[GSoC 2025] Documentation coverage

sdms · March 11, 2025, 6:23pm

Hello, everyone!

My name is Sofia Diniz, and I’m an undergraduate student majoring in Information Systems, set to graduate in April. I first became acquainted with iOS development as a student at the Apple Developer Academy in 2022. Two years later, I graduated from the Academy and began teaching iOS development there. Last July, I shifted my focus to building projects for the Vision Pro.

Along the way, I’ve won the Swift Student Challenge twice, developed various apps, published an article on leveraging component packages to improve accessibility in mobile apps, and deepened my interest in the Swift ecosystem, going beyond app development.

For the past few months, I’ve been eager to contribute to the ecosystem of open-source Swift projects. Since this will be my first open-source contribution, GSoC seems like the perfect opportunity to receive guidance while giving back to a community that has taught me so much.

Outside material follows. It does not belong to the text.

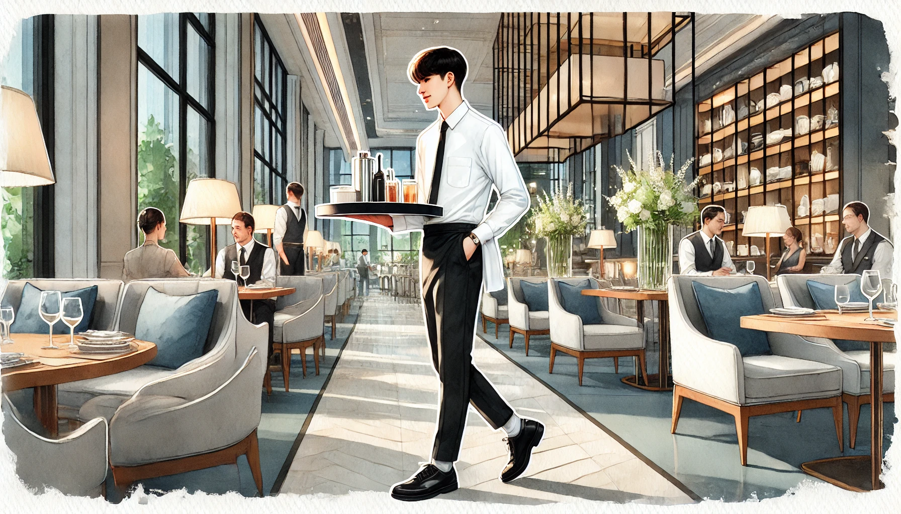 호텔 아르바이트는 주로 서빙, 뷔페, 연회 관련 일을 합니다. 식사 시간대에는 서빙을 나가거나 그릇을 치우고, 플레이트를 다시 채워넣습니다. 식사 시간대 이외의 시간에는 주로 기물 핸들링(설거지된 접시, 잔, 수저, 포크, 나이프 등의 물기 닦아내기)을 합니다.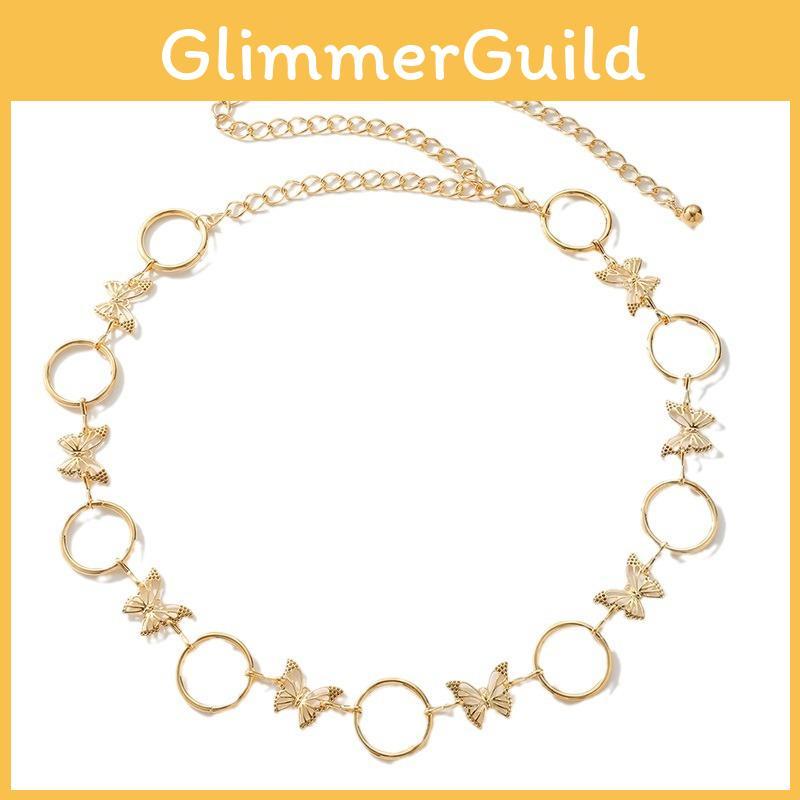 The Water Diamond Butterfly Waist Chain is a stylish accessory featuring a metal construction with water-diamond embellishments,Its adjustable lobster clasp ensures a secure fit. Made for women, it adds a chic touch to outfits across seasons. Wipe clean with a dry cloth for maintenance.

I’m particularly interested in enhancing Swift DocC’s experimental documentation coverage feature and have been familiarizing myself with the codebase. So far, I’ve dived into related topics in the forum, cloned and run the repository and I am now diving into the documentation while evaluating potential first issues. I noticed that the tagged good first issues have been open for some time (with the latest comments dating back at least a year), so I was wondering if they are still relevant additions to the project.

As previously mentioned, I’m quite novice to this process, so my plan is to start with a good first issue, gain a deeper understanding of the codebase, draft potential implementations for my GSoC proposal, validate them if possible, and then finalize my proposal.

If you have any recommendations or suggestions on how to approach this process, I would greatly appreciate your guidance!

ronnqvist · March 13, 2025, 6:42pm

Hi @sdms,

I'm happy to hear that you're interested in enhancing Swift DocC’s experimental documentation coverage feature.

I just had a look and those issues are all still relevant. We haven't added any new good first issue items in a while but if there's any particular area of the project that you're interested in I'm sure that we can find some new good first issues in that area as well.

That sounds like a good approach. I would also recommend playing around with the feature as it exists today to get a sense of how it behaves today and what data it output and compare that to how you'd expect it to behave and the data you'd expect it to output.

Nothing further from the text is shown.